The sensor provides bearing relative to the orientation of the robot, so we must subtract the robot's orientation from the bearing to get the sensor reading, like so:

$$\phi = \arctan(\frac{p_y - y}{p_x - x}) - \theta$$


Thus our measurement model $h$ is


$$\begin{aligned}
\mathbf z& = h(\bar{\mathbf x}, \mathbf p) &+ \mathcal{N}(0, R)\\
&= \begin{bmatrix}
\sqrt{(p_x - x)^2 + (p_y - y)^2} \\
\arctan(\frac{p_y - y}{p_x - x}) - \theta 
\end{bmatrix} &+ \mathcal{N}(0, R)
\end{aligned}$$

This is clearly nonlinear, so we need linearize $h$  at $\mathbf x$ by taking its Jacobian. We compute that with SymPy below.

In [None]:
px, py = symbols("p_x, p_y")
z = Matrix(
    [[sympy.sqrt((px - x) ** 2 + (py - y) ** 2)], [sympy.atan2(py - y, px - x) - theta]]
)
z.jacobian(Matrix([x, y, theta]))

Now we need to write that as a Python function. For example we might write:

In [None]:
from math import sqrt


def H_of(x, landmark_pos):
    """ compute Jacobian of H matrix where h(x) computes 
    the range and bearing to a landmark for state x """

    px = landmark_pos[0]
    py = landmark_pos[1]
    hyp = (px - x[0, 0]) ** 2 + (py - x[1, 0]) ** 2
    dist = sqrt(hyp)

    H = array(
        [
            [-(px - x[0, 0]) / dist, -(py - x[1, 0]) / dist, 0],
            [(py - x[1, 0]) / hyp, -(px - x[0, 0]) / hyp, -1],
        ]
    )
    return H

We also need to define a function that converts the system state into a measurement.

In [None]:
from math import atan2


def Hx(x, landmark_pos):
    """ takes a state variable and returns the measurement
    that would correspond to that state.
    """
    px = landmark_pos[0]
    py = landmark_pos[1]
    dist = sqrt((px - x[0, 0]) ** 2 + (py - x[1, 0]) ** 2)

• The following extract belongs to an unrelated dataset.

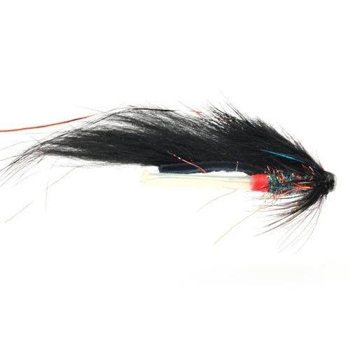 Nattfiske är kanske det mest spännande flugfiske man kan vara med om. Denna tubfluga bunden på plasttub fiskas högt i vattnet i jakt på havsöring. Längd ca 5-6cm.
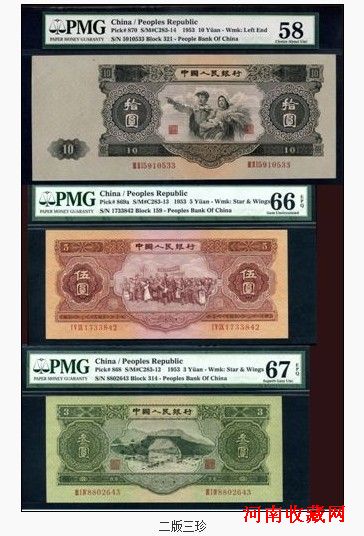 第二套人民币是新中国成立后第一套具有完整货币体系的人民币,首次实行主辅币制。该套纸币共有11种不同的面值,19种不同的版别,只流通了10年的时间,存世量很少,近年来价格也是一路攀升。民族大团结红5元,现在的市场价位在五万元左右;我国纸币发行史上唯一的3元面值纸钞,当前价值约为十万元;加长版的10元人民币,更是由于造型独特和数量稀少,目前三十万元也很是一钞难求! 因券面印刷精美,回收彻底;加之是苏联代印,历史感厚重。这三枚券被藏家誉为“二版三珍”。

    Hx = array([[dist], [atan2(py - x[1, 0], px - x[0, 0]) - x[2, 0]]])
    return Hx

### Design Measurement Noise

It is reasonable to assume that the noise of the range and bearing measurements are independent, hence

$$\mathbf R=\begin{bmatrix}\sigma_{range}^2 & 0 \\ 0 & \sigma_{bearing}^2\end{bmatrix}$$

### Implementation

We will use `FilterPy`'s `ExtendedKalmanFilter` class to implement the filter. Its `predict()` method uses the standard linear equations for the process model. Ours is nonlinear, so we will have to override `predict()` with our own implementation.  I'll want to also use this class to simulate the robot, so I'll add a method `move()` that computes the position of the robot which both `predict()` and my simulation can call.

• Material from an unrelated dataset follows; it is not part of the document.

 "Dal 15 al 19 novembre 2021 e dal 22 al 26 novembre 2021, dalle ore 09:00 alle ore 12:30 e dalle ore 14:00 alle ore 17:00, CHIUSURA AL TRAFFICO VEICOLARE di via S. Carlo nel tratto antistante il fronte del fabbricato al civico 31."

The matrices for the prediction step are quite large. While writing this code I made several errors before I finally got it working. I only found my errors by using SymPy's `evalf` function. `evalf` evaluates a SymPy `Matrix` with specific values for the variables. I decided to demonstrate this technique to you, and used `evalf` in the Kalman filter code. You'll need to understand a couple of points.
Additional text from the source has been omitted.